» **Required work**:
The entries need to be copied exactly as they stand, images left out.

» **Dataset records**:
⁂

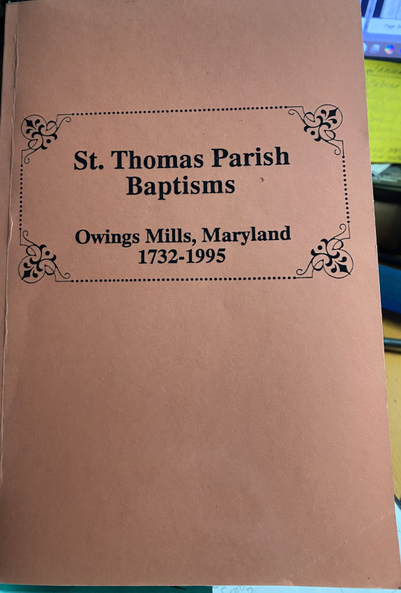 Cover page of St. Thomas Parish baptisms : Owings Mills, Maryland, 1732-1995
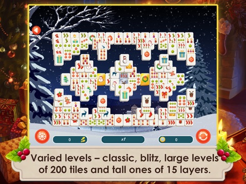 Christmas Eve has come – a time of warming fires, beautifully decorated trees and wonderful gifts! Dive into the holiday atmosphere with the new Mahjong Christmas 2! Enjoy a joyful trip through the most exciting spots in a snow-covered town, long evenings at the holiday table and exciting games by an old hearth! May all your dreams come true on this magical night!
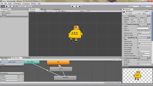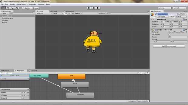 Necesitamos un estado de animación para el salto y caer y también algunas más código para control las cosas.
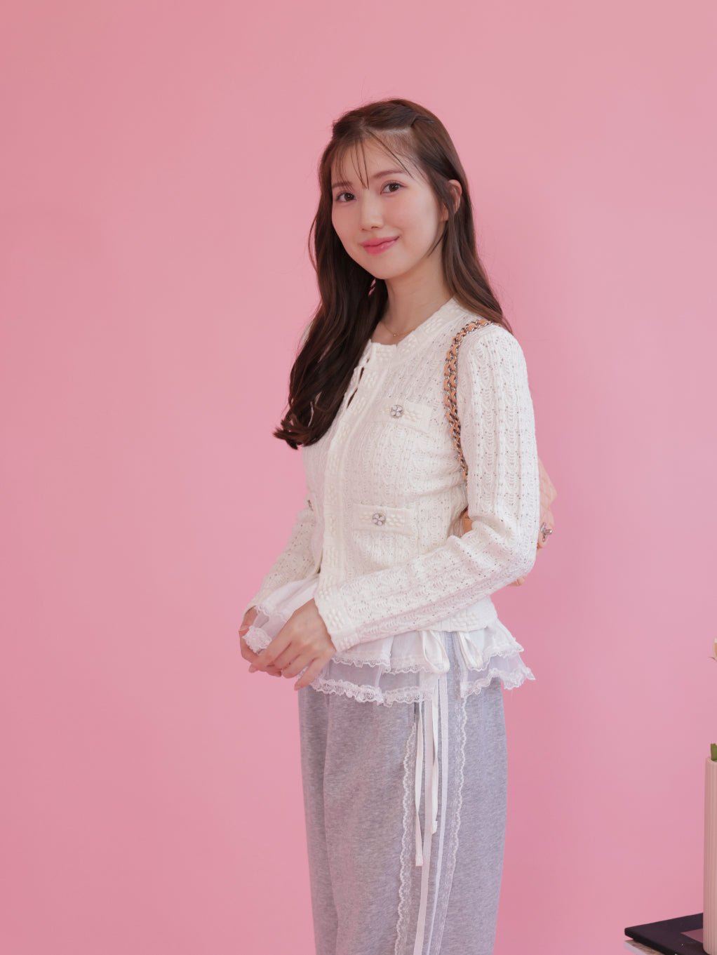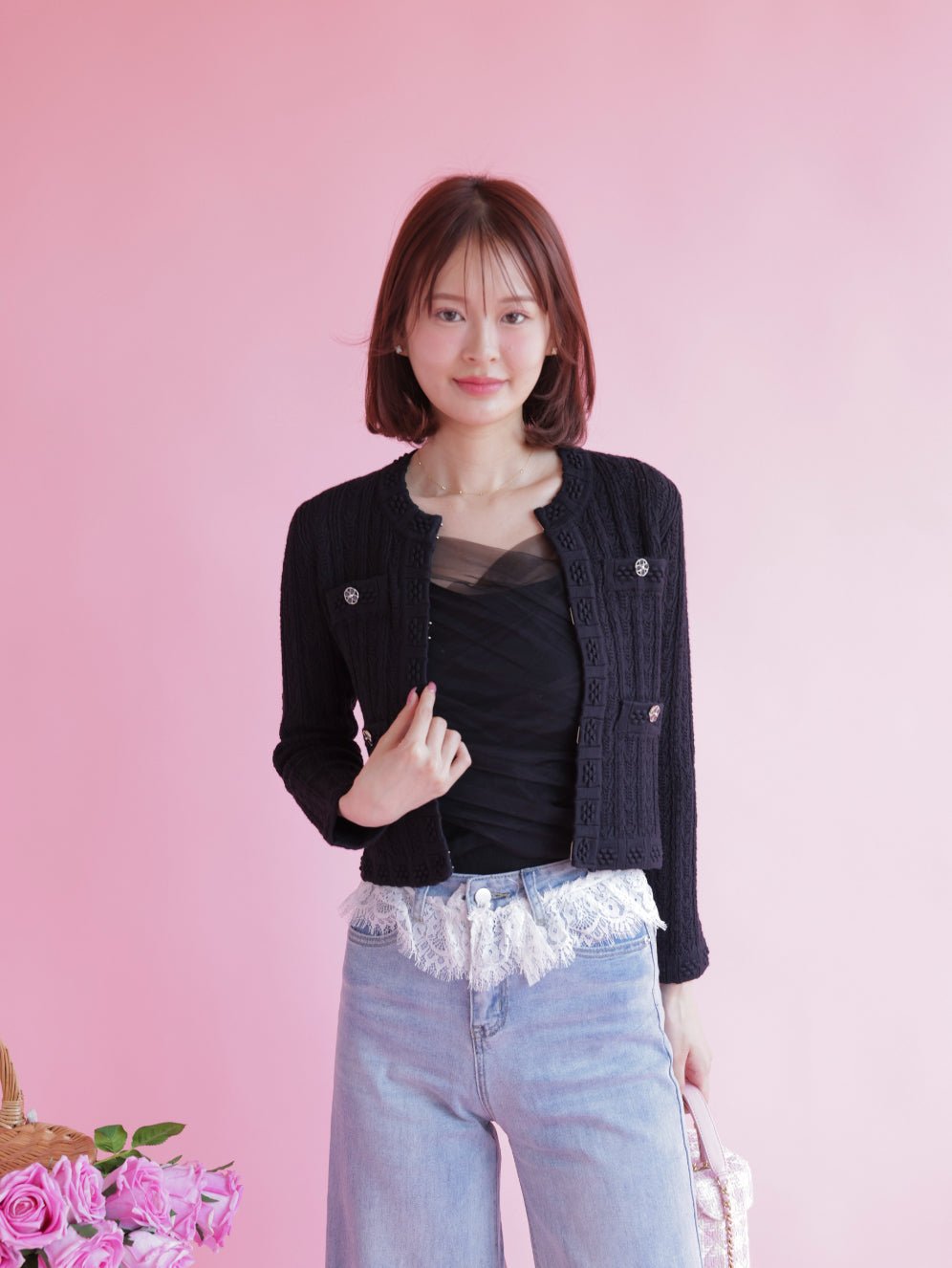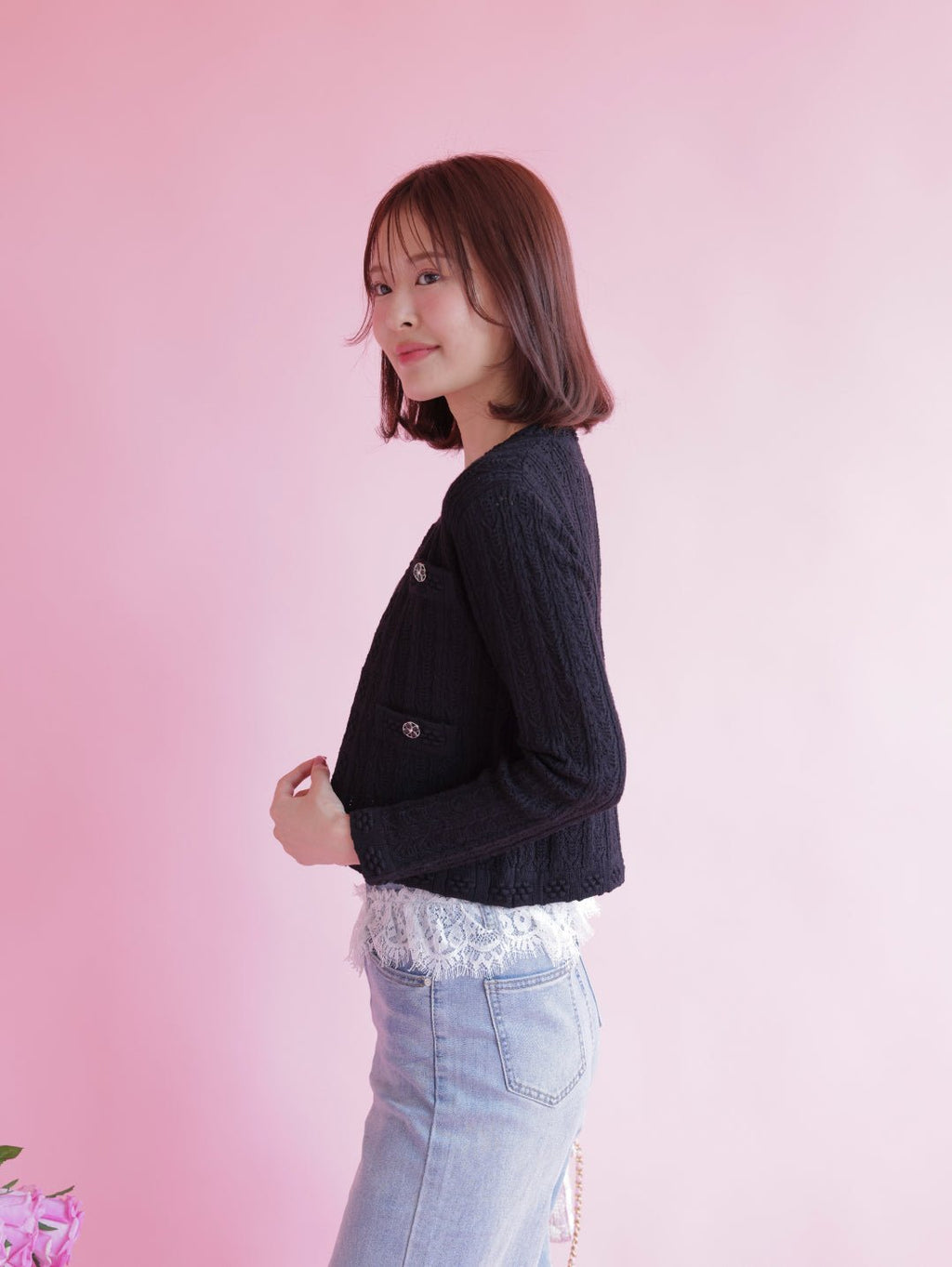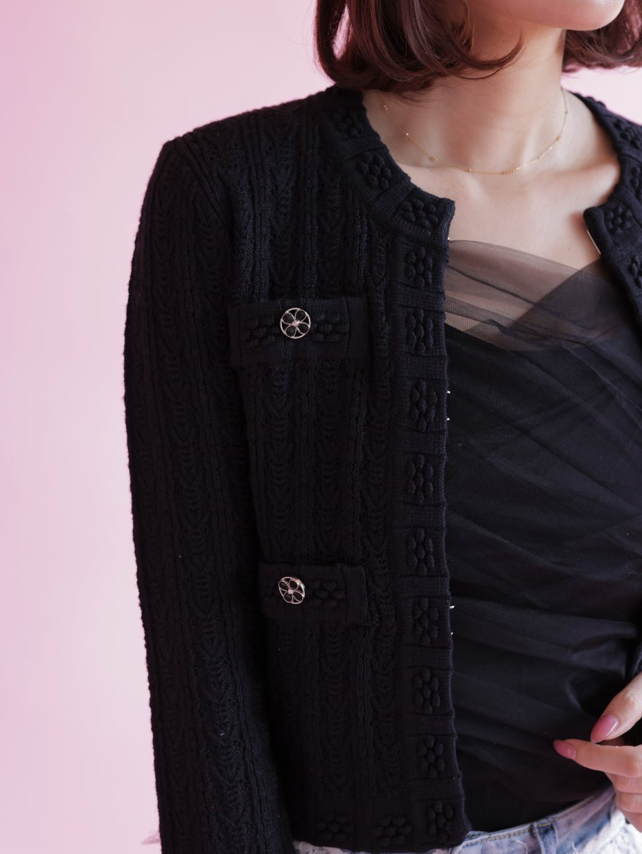 クラシカルな編地とパール調ボタンが上品なニットジャケット。きちんと感がありながらも、スウェットパンツやデニムとも好相性。オフィスからお出かけまで幅広いシーンに対応し、秋口はアウター代わりにも使える万能アイテムです♡
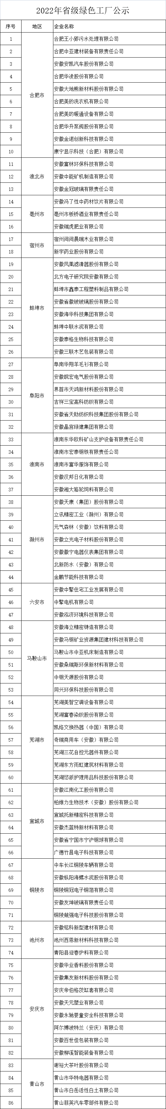 经企业申报、各市经济和信息化主管部门审核推荐、安徽省经信厅初审、专家评审等程序,拟评价安徽省86家企业为2022年省绿色工厂。
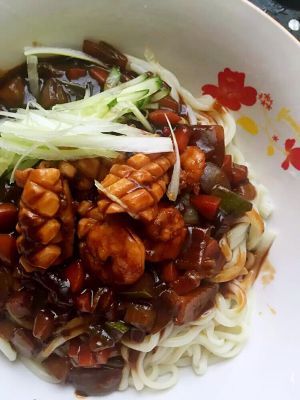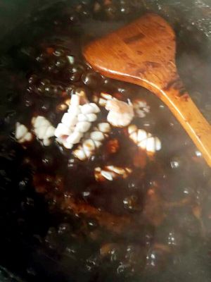 酱快煮好,也就是配菜已经煮至软烂时,放入备用的鱿鱼和虾翻煮(尝尝味道,淡了放盐,起锅前放适量味精

⁂

» **Exercise result**:
 Cover page of St. Thomas Parish baptisms : Owings Mills, Maryland, 1732-1995
 Christmas Eve has come – a time of warming fires, beautifully decorated trees and wonderful gifts! Dive into the holiday atmosphere with the new Mahjong Christmas 2! Enjoy a joyful trip through the most exciting spots in a snow-covered town, long evenings at the holiday table and exciting games by an old hearth! May all your dreams come true on this magical night!
 Necesitamos un estado de animación para el salto y caer y también algunas más código para control las cosas.
 クラシカルな編地とパール調ボタンが上品なニットジャケット。きちんと感がありながらも、スウェットパンツやデニムとも好相性。オフィスからお出かけまで幅広いシーンに対応し、秋口はアウター代わりにも使える万能アイテムです♡
 经企业申报、各市经济和信息化主管部门审核推荐、安徽省经信厅初审、专家评审等程序,拟评价安徽省86家企业为2022年省绿色工厂。
 酱快煮好,也就是配菜已经煮至软烂时,放入备用的鱿鱼和虾翻煮(尝尝味道,淡了放盐,起锅前放适量味精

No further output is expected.